▶ _Task_: Please copy every record below exactly, leaving out the pictures.

▶ _Records contained in a dataset_:
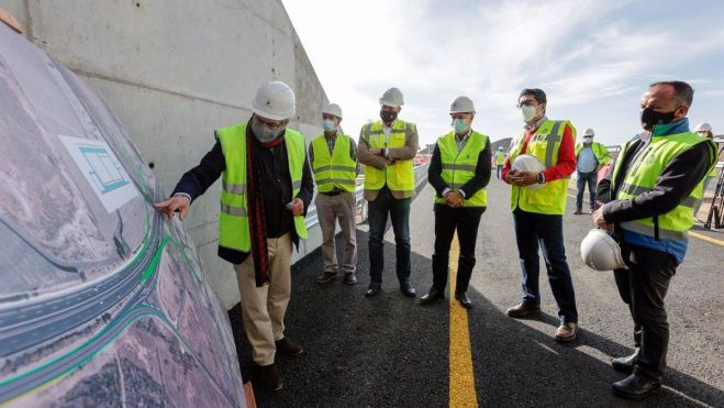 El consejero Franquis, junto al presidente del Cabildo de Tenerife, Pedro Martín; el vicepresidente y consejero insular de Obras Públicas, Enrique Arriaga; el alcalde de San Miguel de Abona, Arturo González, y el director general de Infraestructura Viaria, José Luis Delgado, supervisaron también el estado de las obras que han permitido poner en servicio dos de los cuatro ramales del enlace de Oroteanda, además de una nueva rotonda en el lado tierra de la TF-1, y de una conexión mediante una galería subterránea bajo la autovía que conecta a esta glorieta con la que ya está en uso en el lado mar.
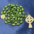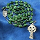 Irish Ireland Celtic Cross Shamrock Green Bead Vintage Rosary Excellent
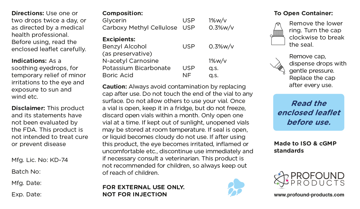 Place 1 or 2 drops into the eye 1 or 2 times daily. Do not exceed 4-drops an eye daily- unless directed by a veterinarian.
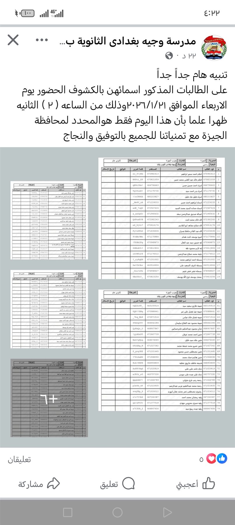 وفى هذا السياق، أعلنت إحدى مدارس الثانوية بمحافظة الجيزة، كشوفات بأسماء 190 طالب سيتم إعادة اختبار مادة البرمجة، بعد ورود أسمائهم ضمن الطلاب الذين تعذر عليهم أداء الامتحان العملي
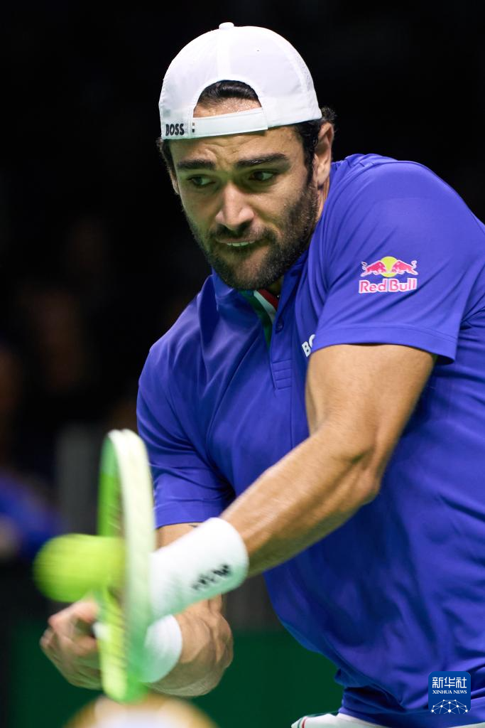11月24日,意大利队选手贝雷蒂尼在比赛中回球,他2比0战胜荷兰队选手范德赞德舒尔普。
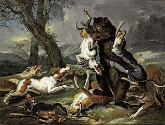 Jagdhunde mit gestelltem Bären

▶ _Answer box_:
 El consejero Franquis, junto al presidente del Cabildo de Tenerife, Pedro Martín; el vicepresidente y consejero insular de Obras Públicas, Enrique Arriaga; el alcalde de San Miguel de Abona, Arturo González, y el director general de Infraestructura Viaria, José Luis Delgado, supervisaron también el estado de las obras que han permitido poner en servicio dos de los cuatro ramales del enlace de Oroteanda, además de una nueva rotonda en el lado tierra de la TF-1, y de una conexión mediante una galería subterránea bajo la autovía que conecta a esta glorieta con la que ya está en uso en el lado mar.
 Irish Ireland Celtic Cross Shamrock Green Bead Vintage Rosary Excellent
 Place 1 or 2 drops into the eye 1 or 2 times daily. Do not exceed 4-drops an eye daily- unless directed by a veterinarian.
 وفى هذا السياق، أعلنت إحدى مدارس الثانوية بمحافظة الجيزة، كشوفات بأسماء 190 طالب سيتم إعادة اختبار مادة البرمجة، بعد ورود أسمائهم ضمن الطلاب الذين تعذر عليهم أداء الامتحان العملي
11月24日,意大利队选手贝雷蒂尼在比赛中回球,他2比0战胜荷兰队选手范德赞德舒尔普。
 Jagdhunde mit gestelltem Bären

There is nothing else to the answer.